- **What is expected**: Each line of the data below goes into the copy exactly; pictures do not.

- **Input records**:
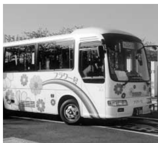
我がまちのフラワー号

問 空白地域の笠原、常光地区への運行計画予定は。 答 交通空白地域につきましては平成20年度早々には新たなコース案を地域公共交通会議に提案し、平成21年度早々には運行を開始したいと考え
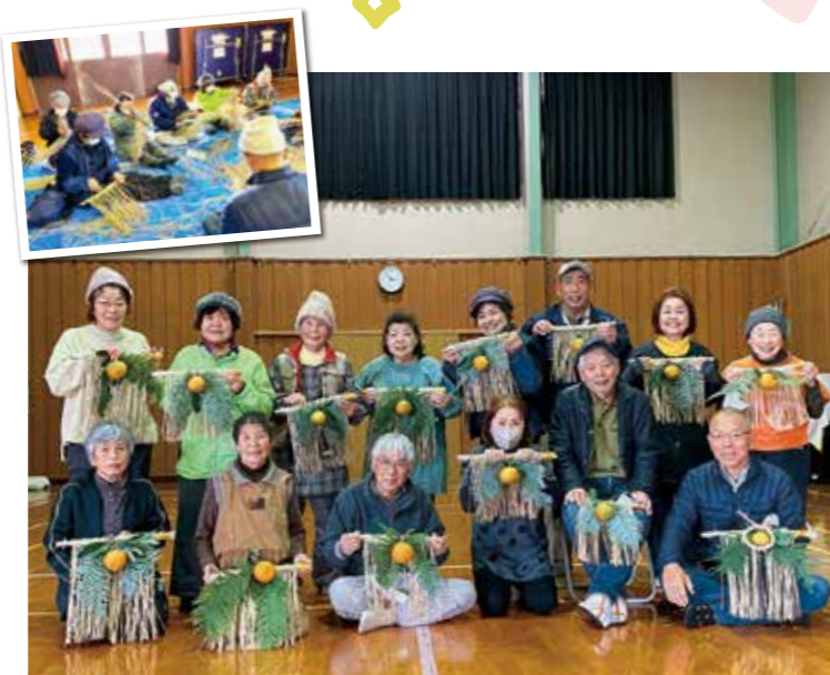
公民館でしめ縄作り(大生院支部)
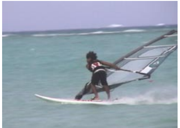
サイパンは上級者のライディングを間近で見られることがメリットの1つ
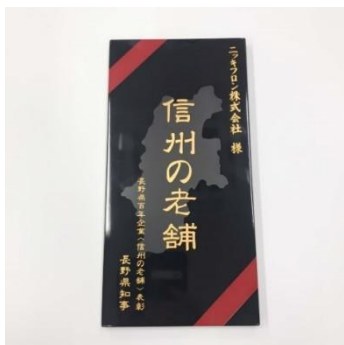
長野県百年企業<信州の老舗>受賞
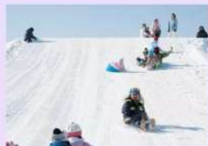
รูปภาพใช้เพื่อประกอบการโฆษณาเท่านั้น
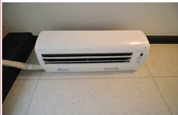
エアコン 2017年新設済み
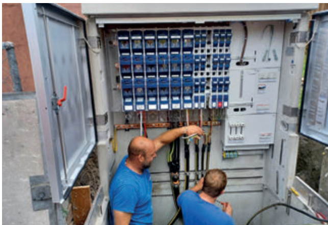
Die EW-Verteilkabine Kirchenau wird angeschlossen.
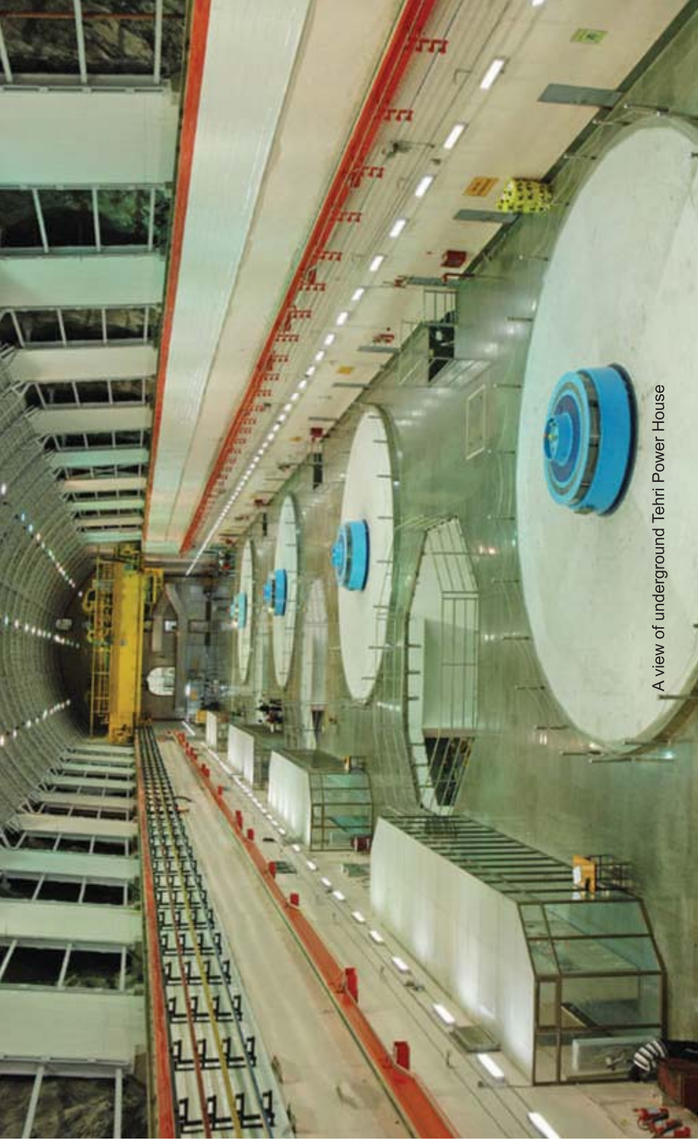
A view of underground Tehri Power House

- **Output for this exercise**:
我がまちのフラワー号

問 空白地域の笠原、常光地区への運行計画予定は。 答 交通空白地域につきましては平成20年度早々には新たなコース案を地域公共交通会議に提案し、平成21年度早々には運行を開始したいと考え
公民館でしめ縄作り(大生院支部)
サイパンは上級者のライディングを間近で見られることがメリットの1つ
長野県百年企業<信州の老舗>受賞
รูปภาพใช้เพื่อประกอบการโฆษณาเท่านั้น
エアコン 2017年新設済み
Die EW-Verteilkabine Kirchenau wird angeschlossen.
A view of underground Tehri Power House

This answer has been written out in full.